PROBLEM TO SOLVE: In the records below, the lines between the one holding "Лампа светодиодная, (5W)" and the one holding "I would like", inclusive, are to be transcribed exactly; no pictures are to be included.

SOURCE DATA:
-- Opening Marker --

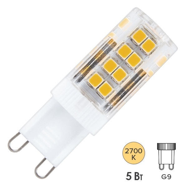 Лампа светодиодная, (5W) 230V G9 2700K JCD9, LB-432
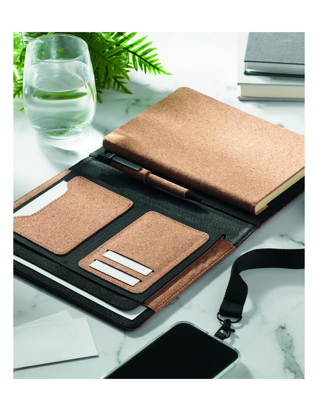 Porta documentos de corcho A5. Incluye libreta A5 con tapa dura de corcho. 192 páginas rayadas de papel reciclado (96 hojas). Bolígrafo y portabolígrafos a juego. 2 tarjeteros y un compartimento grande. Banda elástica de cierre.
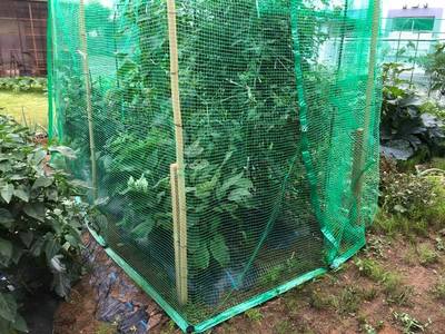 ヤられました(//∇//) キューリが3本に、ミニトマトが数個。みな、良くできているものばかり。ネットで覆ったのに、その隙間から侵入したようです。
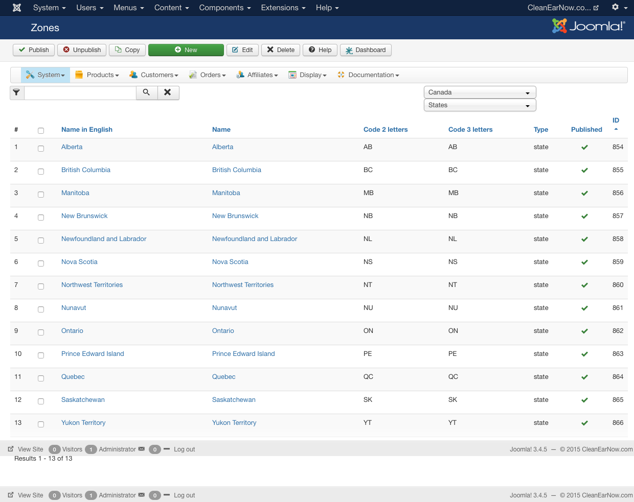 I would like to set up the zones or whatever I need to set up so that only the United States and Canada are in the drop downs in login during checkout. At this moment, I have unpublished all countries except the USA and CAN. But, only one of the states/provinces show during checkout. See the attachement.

-- Closing Marker --
-- Opening Marker --

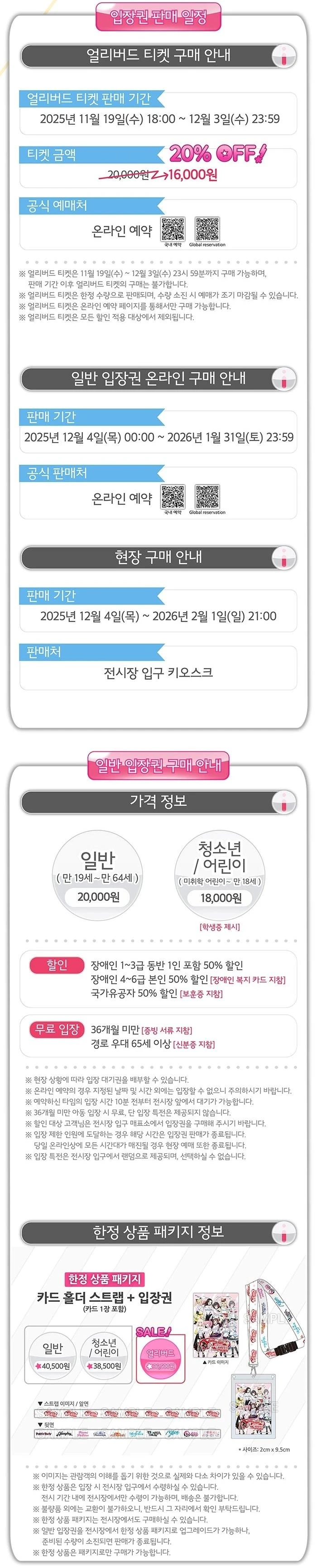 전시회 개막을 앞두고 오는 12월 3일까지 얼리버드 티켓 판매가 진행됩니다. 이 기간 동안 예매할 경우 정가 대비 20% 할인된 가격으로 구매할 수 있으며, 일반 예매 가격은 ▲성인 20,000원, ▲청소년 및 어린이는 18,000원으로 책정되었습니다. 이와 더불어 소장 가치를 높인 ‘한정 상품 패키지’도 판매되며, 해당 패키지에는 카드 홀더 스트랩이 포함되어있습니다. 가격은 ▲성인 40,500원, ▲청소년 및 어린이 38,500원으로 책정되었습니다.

-- Closing Marker --
-- Opening Marker --

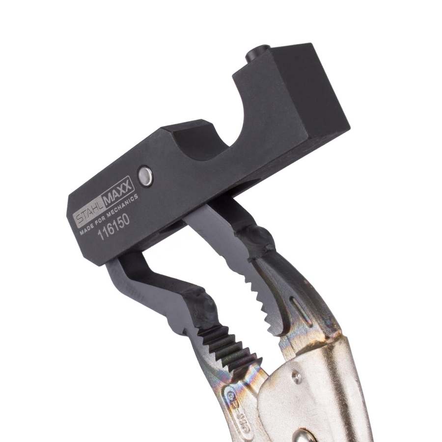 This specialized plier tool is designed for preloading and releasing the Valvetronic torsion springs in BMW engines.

-- Closing Marker --

RESULT BELOW:
 Лампа светодиодная, (5W) 230V G9 2700K JCD9, LB-432
 Porta documentos de corcho A5. Incluye libreta A5 con tapa dura de corcho. 192 páginas rayadas de papel reciclado (96 hojas). Bolígrafo y portabolígrafos a juego. 2 tarjeteros y un compartimento grande. Banda elástica de cierre.
 ヤられました(//∇//) キューリが3本に、ミニトマトが数個。みな、良くできているものばかり。ネットで覆ったのに、その隙間から侵入したようです。
 I would like to set up the zones or whatever I need to set up so that only the United States and Canada are in the drop downs in login during checkout. At this moment, I have unpublished all countries except the USA and CAN. But, only one of the states/provinces show during checkout. See the attachement.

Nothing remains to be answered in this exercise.